On November 26, 1997, the State Employee Injury Compensation Trust Fund (SEICTF) denied coverage to Adams, based on its determination that “the benefits under the Program are not applicable because [Adams was] diagnosed with a medical condition that is not work related.” On January 20, 1998, Adams appealed this denial to the SEICTF Review Board.

In April 1998, while his appeal was pending before the SEICTF Review Board, Adams filed a declaratory-judgment action in the Circuit Court of Montgomery County against the ABC Board, the State Personnel Board, and the State Department of Finance, seeking a judgment declaring that he was entitled to be compensated for an occupational disease that resulted in his temporary' inability to perform work-related duties and declaring which state agency was responsible for compensating him. In August 1998, the circuit court issued an order, which dismissed the ABC Board and the State Personnel Board, and stated, in part:

[1049]*1049“Adams contends that [§§ 36-30-20 through 23, Ala.Code 1975,] [entitle] him to compensation because he suffered from a compensable occupational disease as defined in § 36 — 30—20(4)[, Ala.Code 1975]. He appears to contend that [§§ 36-30-20 through -23] should be read in pari materia with [§§ 36-29A-1 through -8, Ala.Code 1975] and the [SEICTF] should award him compensation as directed by § 36-30-21; or he contends that the term ‘occupational disease’, as defined in § 36-30-20(4), should be added to or engrafted onto the definition of ‘occupational disease’ ... in Ala.Admin.Code 355-8-l-.05(a)(l) (1995); or he contends that some other agency should pay benefits.

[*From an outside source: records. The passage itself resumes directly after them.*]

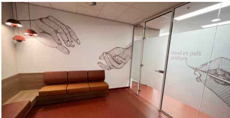
De wachtruimte van het hand- en polscentrum.
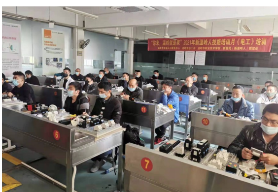
新温岭人技能培训。
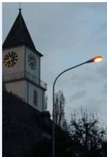
Täuffelen: Strassenbeleuchtung mit Ökostrom aus Aarberg.

Die Gemeinde Täuffelen beleuchtet ihre Strassen seit Jahresbeginn mit Ökostrom, der mit dem Label «naturemade star» zertifiziert ist. Sie will die Bevölkerung dazu anregen, ebenfalls Strom aus erneuerbaren Energien zu beziehen. Für den Ökofonds der BKW bedeuten die bestellten 180 000 kWh einen Zustupf von 1800 Franken. Sie fließen in Renaturierungsprojekte rund um das Wasserkraftwerk Aarberg (siehe Haupttext).
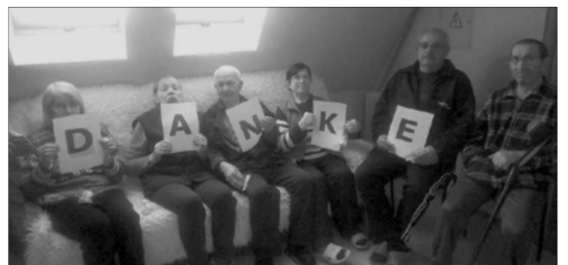
ЖИТЕЛИ ДОМА ИНТЕРНАТА ВСТРЕЧАЮТ ГОСТЕЙ

В течение всего 2016 года развивался контакт между домом-интернатом и двумя евангелическо-лютеранскими общинами Москвы: св. Петра и Павла при кафедральном соборе и общиной Эммаус. Общины собирали и отправляли в Задорожье вещи, подарки, пожертвования.

“The court has considered §§ 36-30-1 through -23, and it appears that the Board of Adjustment is the awarding authority for death benefits and the State Employees Retirement Systems is the awarding authority for benefits due as a result of occupational disease. By definition, Adams qualifies for occupational disease benefits, § 36-30-20(3), provided he meets the requirements of §§ 36-30-22 and -23. Section 36-29A-5 provides that the benefits provided by §§ 36-30-20 to -23 are not affected by the State Employee Injury Compensation Program. Thus, the statutory provisions appear to have separate fields of operation. However, the State Employees Retirement System is not a party to this litigation; therefore, the court lacks jurisdiction to issue a declaration binding against it.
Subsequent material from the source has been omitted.